**Recorded data**.
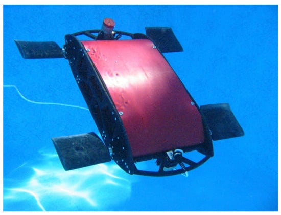 In the literature, few examples of fossil-inspired designs are available, predominantly in the field of robotics [,,,,] and flight technology [,,,,,]. One of the first examples is “Madeline”, a self-contained and self-propelled underwater vehicle with four independently controlled flippers, inspired by the evolutionary transformations of terrestrial to aquatic tetrapods [] (Figure 4). Based on the Madeline robot design, researchers investigated how two to four flippers interact to modulate swimming performance in a self-propelled swimmer. Their results demonstrated that four flippers produce superior surge behaviour entailing high costs, whereas two flippers serve well during cruising at half the cost [].
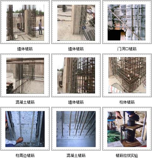 植筋前孔洞大水、深度檢查,植筋后拉拔實驗。
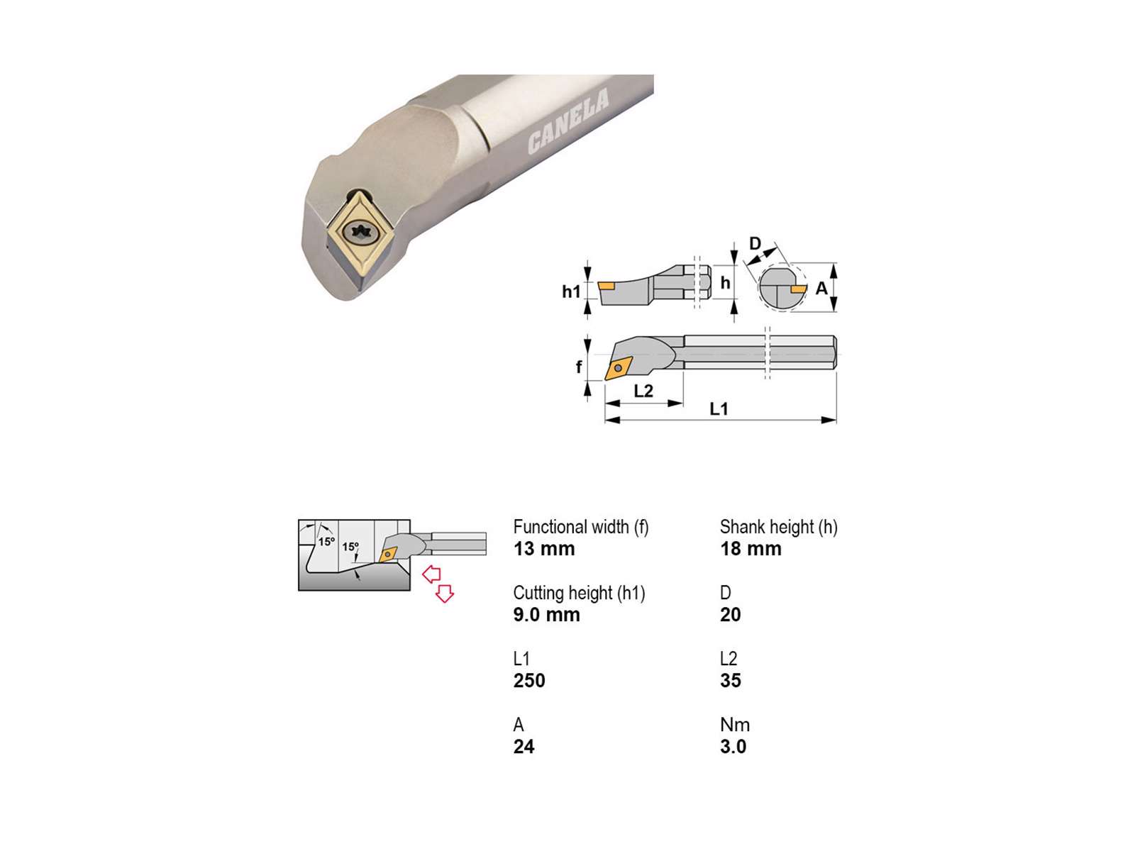 • Canela S20S-SDQCR11 er et robust udborestål designet til præcisionsopgaver i metalbearbejdning. Med en længde på 250 mm og et skaft på Ø20 mm sikrer det stabilitet og præcis styring under bearbejdningen. Hovedets længde på 35 mm og diameter på 24 mm gør værktøjet velegnet til opgaver, der kræver nøjagtig boring og høj repeterbarhed. Det anvender DC..11T3.. platte og er optimeret til højreindgreb uden køling, hvilket gør det velegnet til tørbearbejdning af passende materialer.

**What you have to do**. Give exactly those lines of the listing that run from its first line through the line with "植筋前孔洞大水、深度檢查,植筋后拉拔實驗。", leaving each picture out.

**Finished exercise**.
 In the literature, few examples of fossil-inspired designs are available, predominantly in the field of robotics [,,,,] and flight technology [,,,,,]. One of the first examples is “Madeline”, a self-contained and self-propelled underwater vehicle with four independently controlled flippers, inspired by the evolutionary transformations of terrestrial to aquatic tetrapods [] (Figure 4). Based on the Madeline robot design, researchers investigated how two to four flippers interact to modulate swimming performance in a self-propelled swimmer. Their results demonstrated that four flippers produce superior surge behaviour entailing high costs, whereas two flippers serve well during cruising at half the cost [].
 植筋前孔洞大水、深度檢查,植筋后拉拔實驗。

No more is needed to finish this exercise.